I'd add that the quantification must happen from the start: estimates of project benefits should include a best-case, worst-case, and muddling through scenario.

Lessons for AY going forward?

His conclusion:
It’s also not too late for lessons from Atlantic Yards to be applied here in Brooklyn. A 2011 court decision effectively reversed ESDC’s 2009 approval of changes to Atlantic Yards’ second phase that extended the project from 10 to 25 years. ESDC is responsible not only for preparing additional environmental analysis on the effect of such a delay, but must also consider alternatives that get Atlantic Yards done on the schedule under which it was originally approved. We and our elected leaders must demand those alternatives include concepts like competition among developers, local oversight, and real commitments that can be enforced. If we can win those things at Atlantic Yards, we’ll really have something to show the rest of the world.
That won't be easy.
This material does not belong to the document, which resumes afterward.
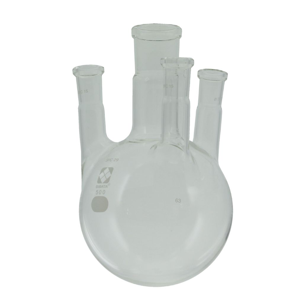 ●4ヶ所に接続口がある球状をしたガラス製のフラスコです。●接続口に、同じSPCガラス接手管規格のT形、C形との接続が可能です。●入数:1個●容量:500mL●主管:SPC-29●側管:SPC-15●高さ(mm):180●外径φ(mm):108●角度:5°●材質:ほうけい酸ガラス●ガラス種類:H●コード番号:030180-15500
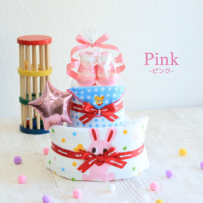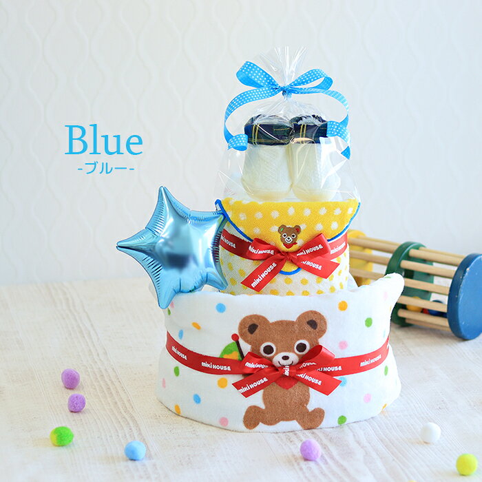 おむつケーキ 出産祝い ドット ミキハウス 2段 mikihouse ミニタオル フェイスタオル ソックス 送料無料 アレンジ 名入れ お名前 オムツケーキ 男の子 女の子 パンパース 誕生日 1歳 ラトル スタイ バルーン 記念 ベビーシャワー ポップ ホットビスケッツ ギフト お祝い

Few expect the ESDC to do anything other than endorse Forest City Ratner's intentions and timetable.

The campaign

I posted a comment:
I'd add that the public relations campaign involved not only community proxies (some with significant credibility, others without) to validate Atlantic Yards but also national/international superstars:
--hip-hop entrepreneur/tastemaker Jay-Z
--architect Frank Gehry (succeeded by SHoP)
--sports economist Andrew Zimbalist
Those conditions would be hard, though not impossible to duplicate. After all, Forest City Ratner has involved Jay-Z and SHoP in its bid to redevelop the Nassau Coliseum.